With that in mind, she put her name forward for every school play and, by dint of hard work and the non-stop badgering of the drama teacher, managed, the year before she left, to achieve the giddy heights of Maria in The Sound of Music. The boy who wrote the review in the school magazine described her as radiant, moving – a star in the making. Miranda had discovered early that if you wanted something badly enough, you had to be prepared to kiss really unattractive people – sometimes more than once. If she had not virtually sucked his head off at the back of the cinema, he would have written a very different critique. He would have said that as a nun she was unconvincing, and as a singer she’d made his ears bleed. He would have said that she should take up any other career but acting.
But, once caught, the performing bug is difficult to shake off, and there are any number of people willing to take your money for everything from head shots to acting lessons.
Luckily for the viewing public, fledgling starlet Miranda Frayn fell in love and decided that what she really, really wanted to do was get married and have babies. In her dreams, she imagined combining a career in film with bringing up children, but MGM failed to come knocking at the house in Oxfordshire, and instead she trod the boards in amateur plays, where the costumes were creaky, the sets were wobbly, and there was always a sweaty man playing fourth lead who wanted to have an affair with her.

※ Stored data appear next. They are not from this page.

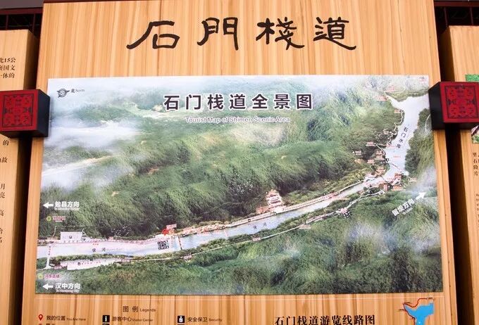 石门栈道风景区地处石门水库,距市区近15公里。1970年修建石门水库,南起汉中褒谷口,北到眉县斜峪关的古老的褒斜栈道大部分沉没在水库中,但石门摩崖石刻如东汉《 石门颂》、《衮雪》、北魏《 石门 铭》等“汉魏十三品”重要石刻被凿迁下来,现陈列于汉中市博物馆(古汉台),而石门和其它石刻,则被淹在了水库之中。为重现古老的栈道奇观,展现楚汉相争的著名历史战役“明修栈道、暗度陈仓”发生地,在古老栈道基础上,抬高路基近八十米,恢复了这一古老的栈道奇观。同时将古栈道的多种建筑形式如“平梁立柱式”、“石积式”“多层平梁立柱加棚盖式”、“千梁无柱式”等在这段栈道复原,重现栈道辉煌。
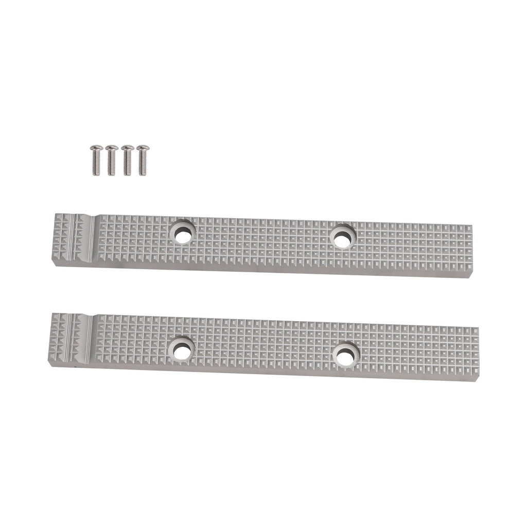 【Werkzeugmerkmale】 Die Backen verfügen über zwei Rillen auf einer Seite, sind umkehrbar und messen 6 1/2"" in der Breite, 3/4"" in der Höhe und 7/16"" in der Dicke, mit 2 1/2"" CC-Befestigungsschraubenlöchern. Erwarten Sie auf jeder Seite einen leichten Überhang.
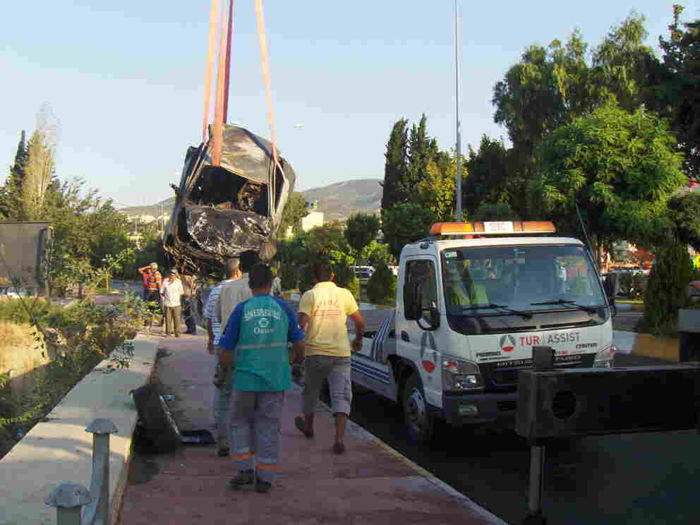 Kazada Rasih Azbazdar’ın kullandığı araç hurda yığını haline gelirken, aracın alev aldı ve benzin deposunda patlama meydana geldi. Gürültü ile uyanan Yenikent Mahallesi sakinleri yardıma koşarlarken, bazı vatandaşlar yangını kendi çabaları ile söndürmek istediler.
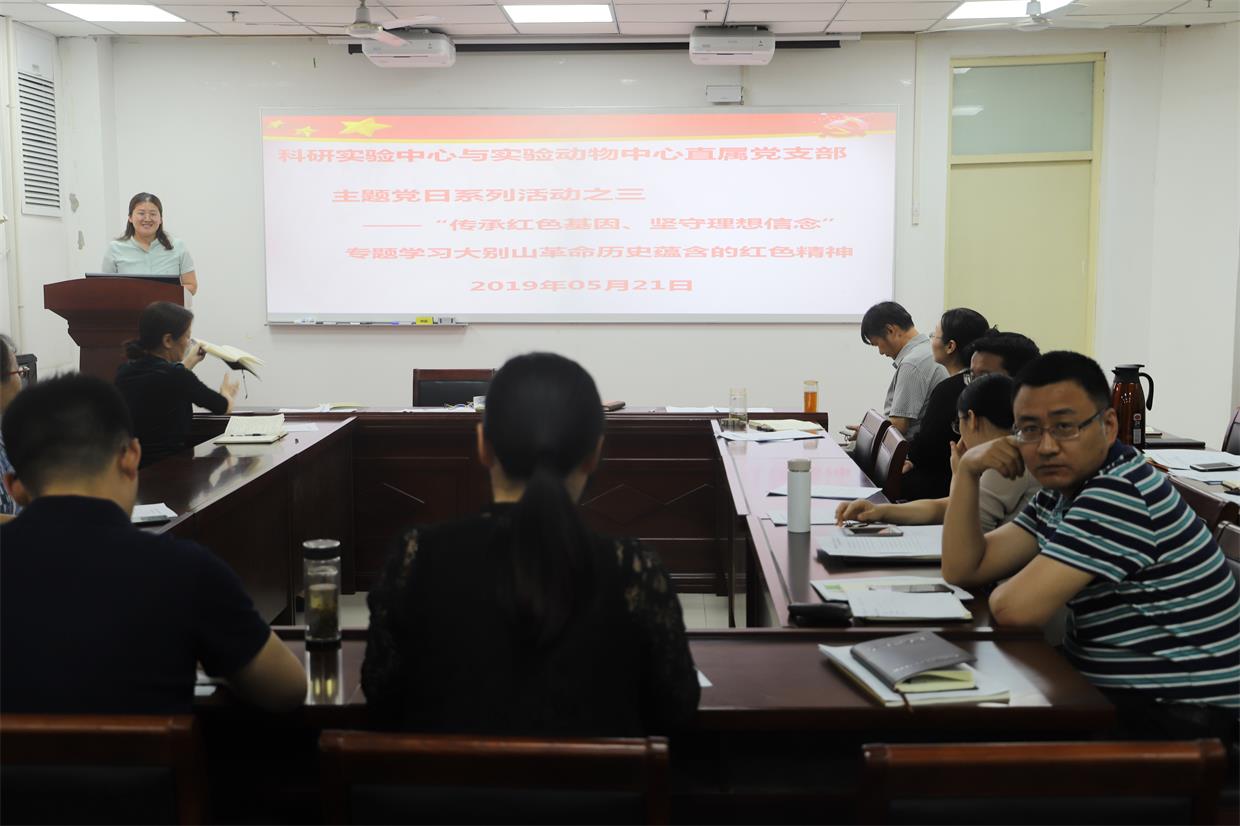 ( 文/杨念 图/李晓康) 2019年05月21日下午15:00在教学综合大楼BM739会议室,科研实验中心与实验动物中心直属党支部开展主题党日系列活动 "传承红色基因、坚守理想信念"专题学习大别山革命历史蕴含的红色精神。中心领导班子、支部委员、党小组组长、业务科室主任和全体科级干部参加。会议由张振强书记主持。
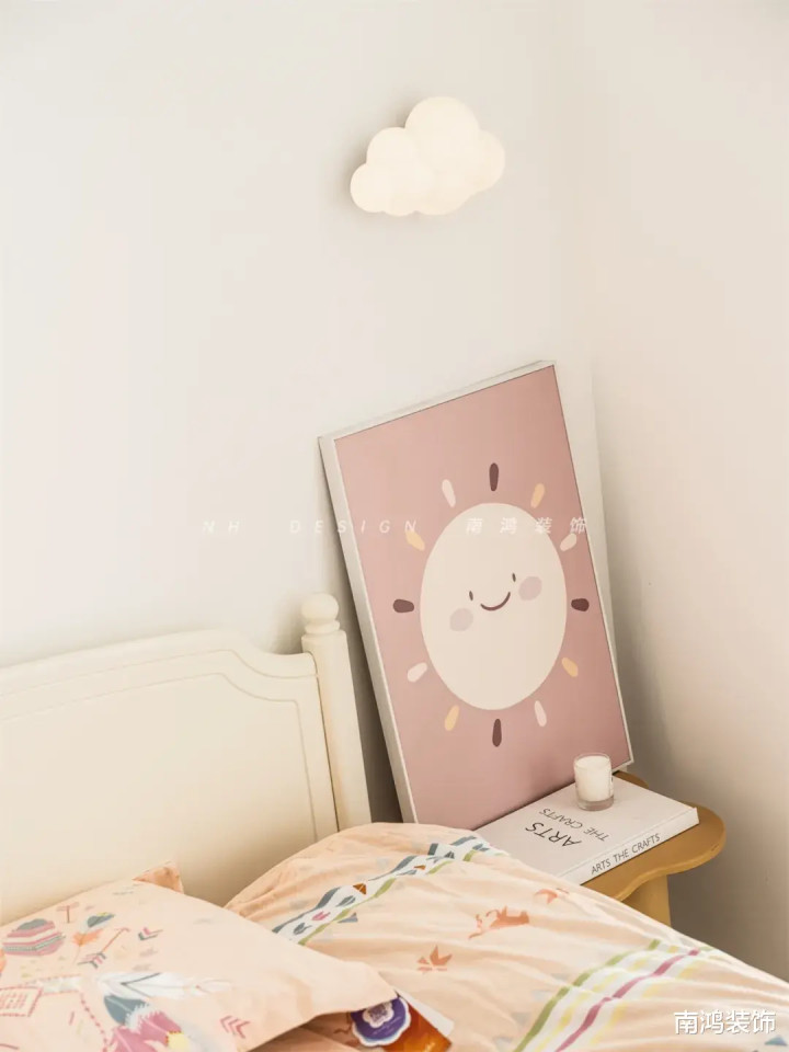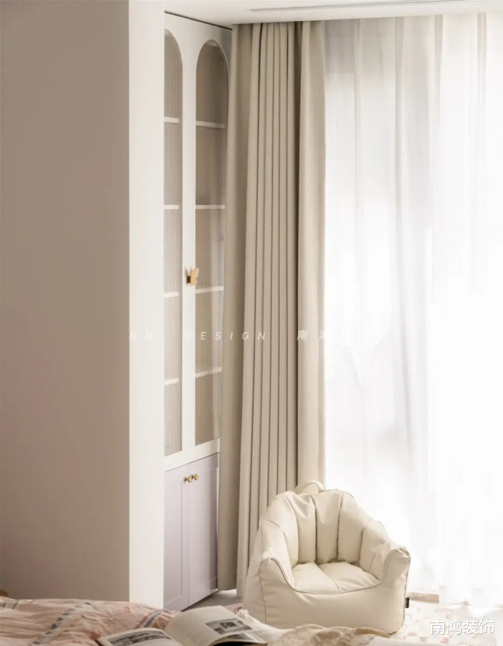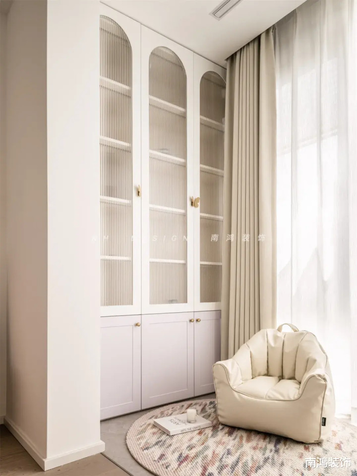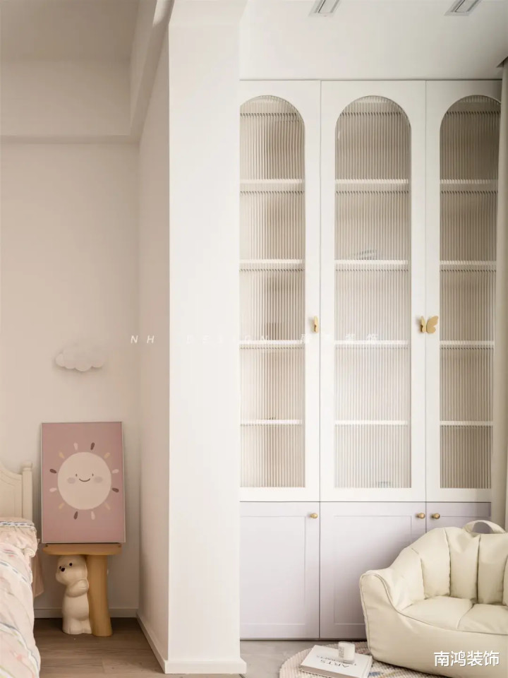 儿卧色调亮堂清浅,长虹玻璃材质的圆弧造型柜门上,有着金色的蝴蝶拉手,仿佛随时会振翅遨游,为孩子宽广注入童话般的奇妙思象力。
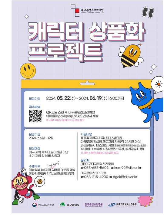 ■ 공 고 명 : 2024년 대구콘텐츠고리아랩 캐릭터 상품화 프로젝트
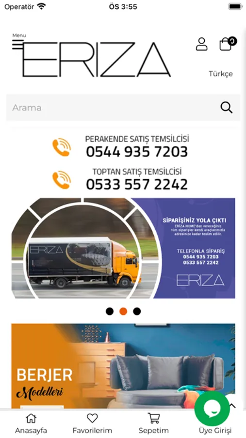 Erizahome.com mobil e-ticaret uygulaması ile anında;
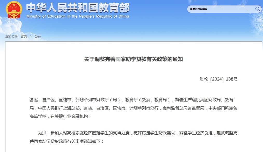 去年,教育部等四部门发布《关于调整完善国家助学贷款有关政策的通知》,明确自2024年秋季学期起↓

It was all so dispiriting that, eventually, Miranda settled on acting the part of the devoted wife and became a passionate advocate of scarf knitting. She would have liked to create something a little more advanced but, frankly, with two small children and a man who wore Savile Row suits and cashmere from Brora, that was never going to happen.
Nigel Blake, her husband, was everything she had wanted: smart, funny, handsome and rich. She hadn’t realised she wanted rich but, increasingly, it was the only thing he still was. When she divorced him after two decades, having discovered his long standing shag-fest, as she called it, with his secretary, she would have described him as fat, boorish and rich. Or Knobhead, for short. But he was the father of her two children, so she reserved such comments for evenings when she was out with friends and for phone calls with the man himself.
Meanwhile, she was living in London, back on the dating scene and hating it. It was like constantly seeing bad films. She had started off excited about the prospect and then, over two years, a sort of malaise had crept over the whole thing and she had stopped worrying about matching underwear – or even matching outerwear. And as for her friends’ view of what constituted handsome …
Here she was, for example, on yet another night out with an allegedly suitable man. Passers-by glancing into the little restaurant would have seen a couple who had probably been married for an eternity – they weren’t speaking.
Miranda was bored again. She imagined her date as an icon on her computer that she was deleting.
And while she was at it, she might delete some of her friends’ numbers. How on earth they could think that this pompous tit was her cup of tea … And her steak was tough. Still, at least it was giving her teeth a workout.
‘Sorry?’ She raised her eyebrows at her dining partner.
‘I asked if you wanted more wine.’
‘No,’ she responded baldly. ‘Thank you,’ she added. No point in adding rudeness to the patronising she had already been. Mind you, he deserved it. Right-wing. Fascist. Fat. Twat. She smiled as she thought it.
‘What?’ he asked suspiciously.
‘Nothing. I was just thinking silly words. Rhyming words. How much better they are than when they’re on their ownsome.’
‘As in?’ he queried, trying to get on to her wavelength, although he had almost given up. He was not a man who struggled to get women. He was rich and lived at a very expensive address in Mayfair.